Let a+b=9n where n is an integer and a and b are integers. So b=9n-a.
10a+b=10a+9n-a=9(a+n). Therefore a+n=(10a+b)/9, and, since a, n and b are integers, 10a+b must be divisible by 9 when the sum of the digits is a multiple of 9. The argument can be extended to cases where a and b are positive and less than 10. In cases where a>10, the argument can be extended to consider a=10a₁+a₂ where a₁ and a₂ are less than 10. So in any integer of n digits, their sum is divisible by 9 if the entire integer is divisible by 9.
(ii)(a) True. (The sum of the digits is divisible by 3)
Let a+b=3n, then 10a+b=10a+3n-a=3(3a+n). 3a+n=(10a+b)/3 so 10a+b is exactly divisible by 3 when a, b and n are integers. See (i) for extension of the argument.
(ii)(b) False, ABC must have C=0 or 5, because even multiples of 5 can be represented by 10x and odd multiples by 10x+5 where x is an integer (2x is an even multiple, 2x+1 is an odd multiple).
(iii) False. A n-sided polygon has n internal angles.
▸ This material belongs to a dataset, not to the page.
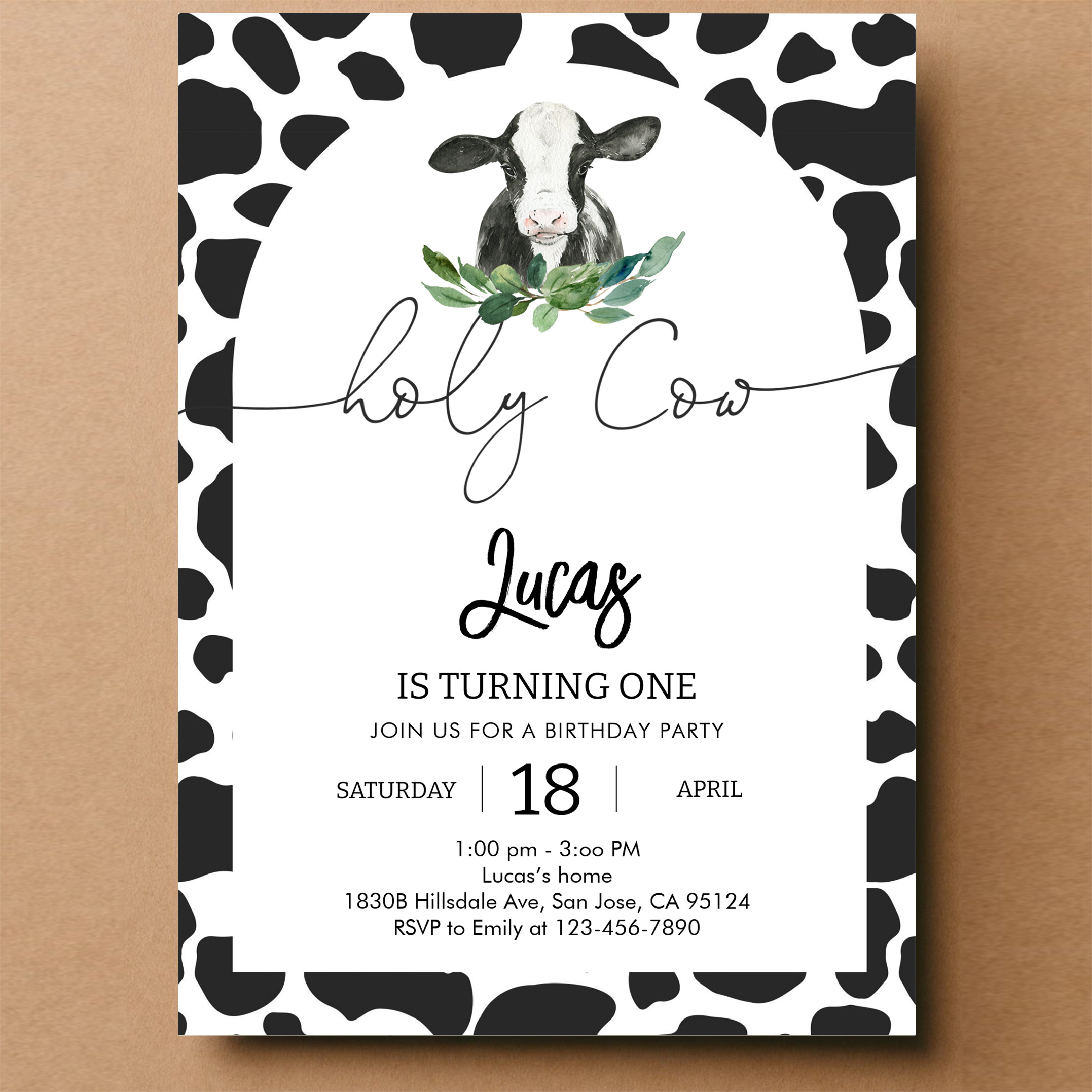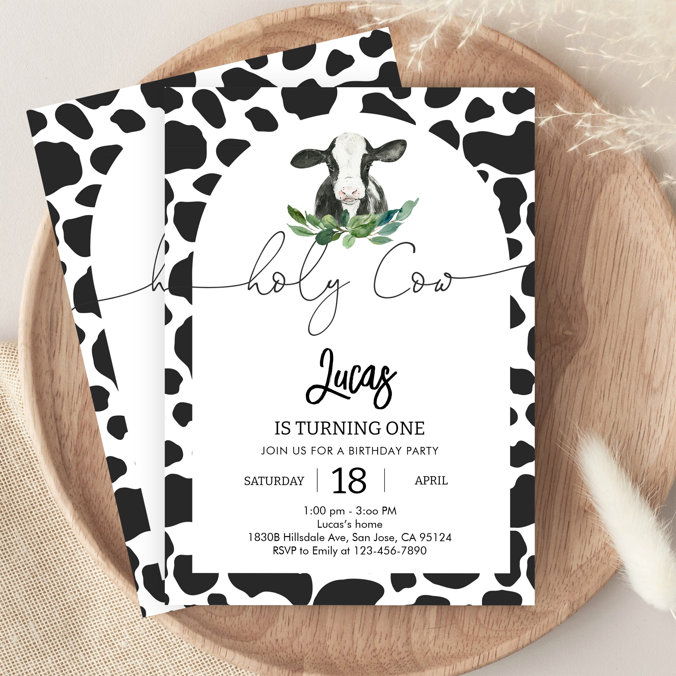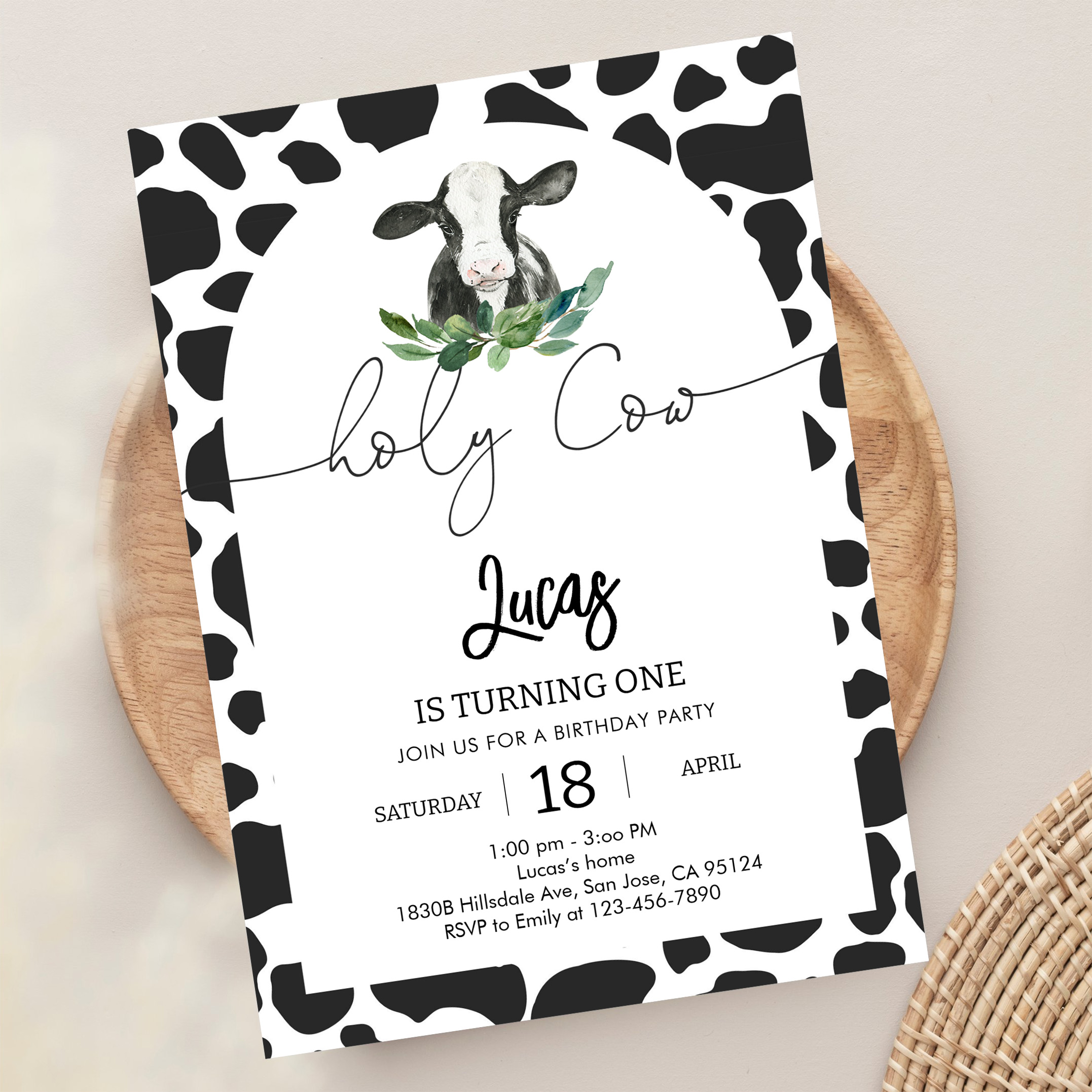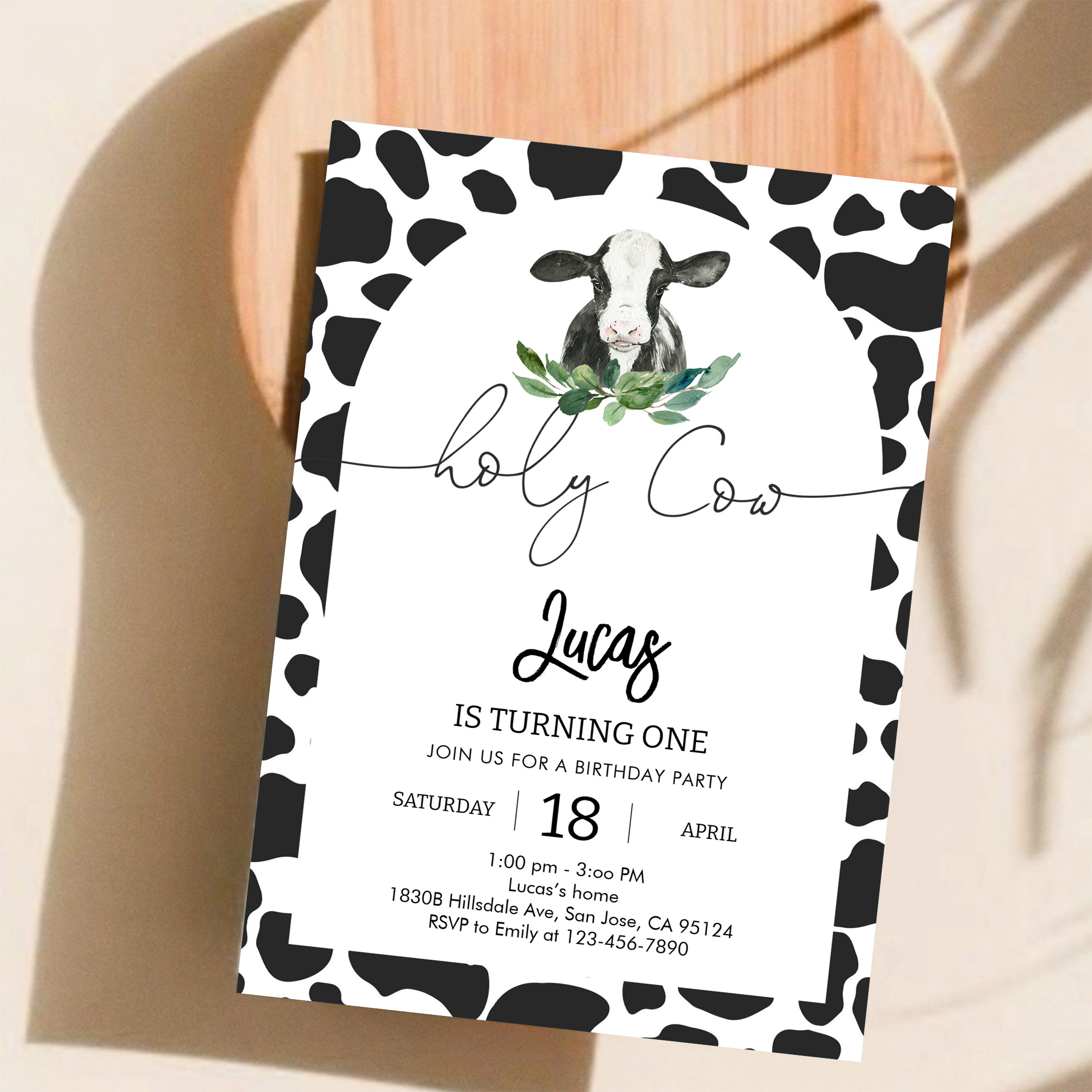 Holy Cow Im One Cow 1st Boy Farm Birthday Invitation

Two non-parallel lines form one internal angle between them. Three open lines form an additional internal angle. (As many external angles are also formed such that the sum of any internal and associated external angle is 360 degrees.) In general, n open lines create n-1 internal angles, because one angle is created between each pair of adjacent lines. When the end lines are connected by another line, two angles are formed, one at each end of the line. The figure created is a polygon, n-gon. If the original number of lines was n, the number of sides of the polygon increases by 1 to n+1 and the number of angles increases by 2 to n-1+2=n+1, the number of sides.